NAIOP Podcast: Inside CRE
Episode Summary – Leo Addimando, Alterra Property Group
Release Date: June 8, 2026
This episode of Inside CRE dives deep into the rapid rise of Industrial Outdoor Storage (iOS)—a once-overlooked niche of commercial real estate now attracting institutional capital and transforming supply chains. Host Mark Savatelli interviews Leo Addimando, Co-founder and CEO of Alterra Property Group, which has become one of the nation’s largest iOS investors, with over 470 properties. Leo shares the sector’s evolution, what makes iOS unique, the dynamics driving its growth, and his outlook for the future.
“The origin story of iOS is interesting… I sent my partner a text saying, ‘Hey, we should call it iOS.’ And my partner’s like, ‘I love it, but we’re going to get sued by Apple.’ So, capital IOS is how the name came from.

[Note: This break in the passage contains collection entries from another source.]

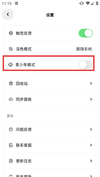 4、進(jìn)入【獨響】的設(shè)置界面,可見【觸覺反饋】-【深色模式】-【青少年模式】等選項,可操作【青少年模式】的開關(guān)功能。
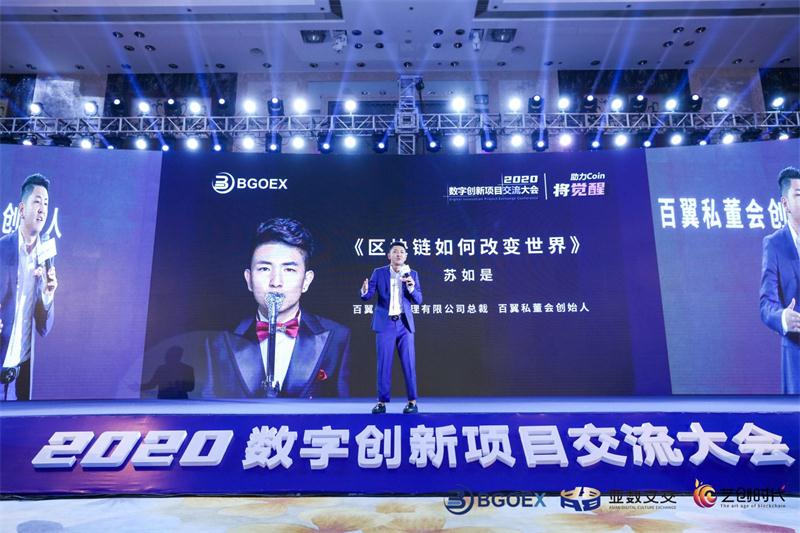 百翼资本管理有限公司总裁、百翼私董会创始人苏如是先生发表了题目为《区块链如何改变世界》的振奋人心的演讲,他用自己激情澎湃的声音告诉人们,历史的变革从千年变成百年,再从百年变成10年,再变成五年、三年甚至不到一年,时代变革的时间周期已经越来越短,在未来,深圳将会是全球最耀眼的城市,而这个城市10%的GDP贡献将来自区块链领域,苏先生坚信区块链一定会改变世界,并且它的价值将会是传统互联网的一千倍!
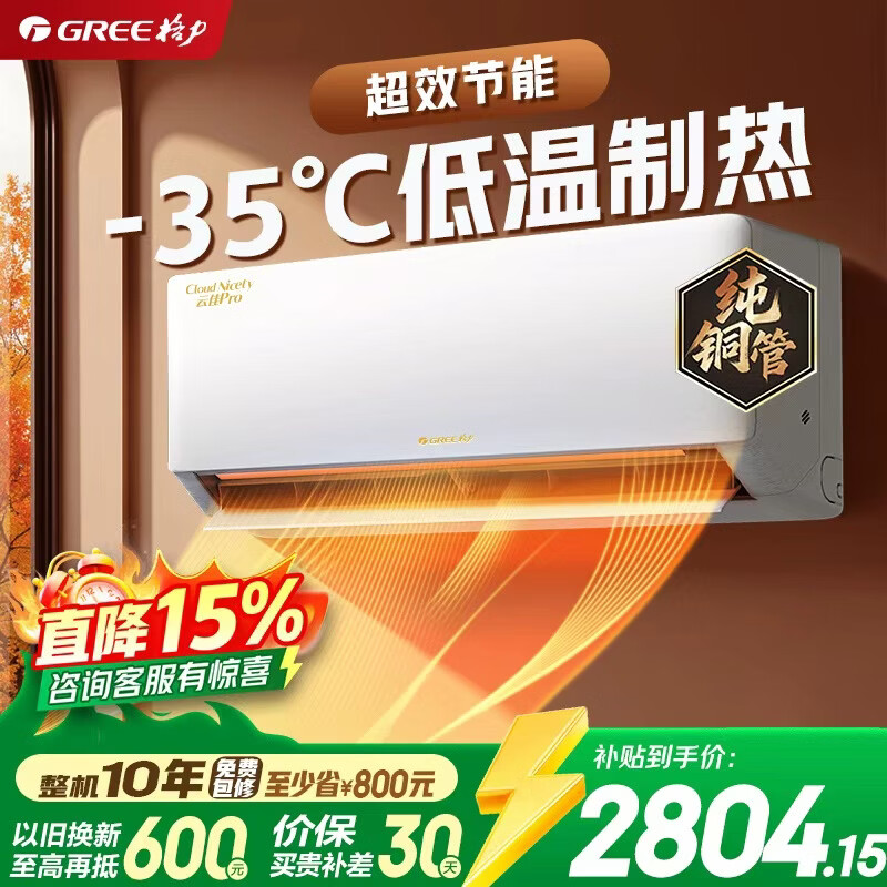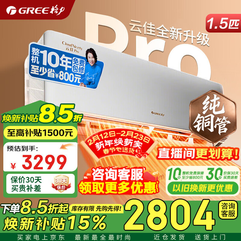 格力(GREE)云佳pro空调挂机家用 大1/1.5匹新一级能效纯铜管 变频冷暖 节能省电卧室 官方正品家电国家补贴 云佳Pro 1.5匹 一级能效【纯铜管】新品上市
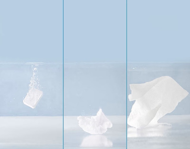 少量のお水を含ませるとおしぼりほどのサイズに広がります。

We actually created that name, you know, eight, nine years ago, and now it’s been pretty widely adopted.”
— Leo Addimando [03:58]
“It’s the largest category of real estate that had not been institutionalized and frankly had been, we say, hiding in plain sight.”
— Leo Addimando [04:47]
“What I just described to you is 80% of tenant requirements across a dozen different use cases…”
— Leo Addimando [10:38]
“Our premiums have gone down by 50%.” [12:56]
“The two demand drivers… are the growth of the economy on the goods side... and infrastructure… Those tenants are swallowing real estate like never before.”
— Leo Addimando [15:52]
“We're still relatively early... Now there are portfolios large enough for the full participation of the broadest audience and largest sector of alternative assets.”
— Leo Addimando [20:23]
“A lot of folks underestimate just how different the tenant base is… the other 85% don’t own a warehouse.”
— Leo Addimando [25:34]
“Inflation is the ultimate regressive tax… I think it becomes a little more a divided society of haves and have nots.”
— Leo Addimando [32:19]
“It’ll be no different than self-storage… I think rents will continue to rise disproportionate to other asset classes because I think it is the single most supply and demand dislocated sector within real estate.”
— Leo Addimando [33:19]
Leo combines the pragmatic, “in-the-weeds” experience of a long-time developer with strategic vision and a touch of humor (“no one’s going to get re-elected for bringing more Amazon trucks into their jurisdiction”). There is a consistent, candid focus on “what actually matters”—from tenant needs to the hard realities of zoning and local politics.
This episode offers a candid, expert look at iOS: how it was discovered (and named!), why it offers unique opportunities and challenges, and why institutional investors are only beginning to take notice of this “hidden” and resilient CRE category. The episode is a must-listen for understanding the intersection of logistics, infrastructure, and commercial property investment—and where the smartest money is headed next.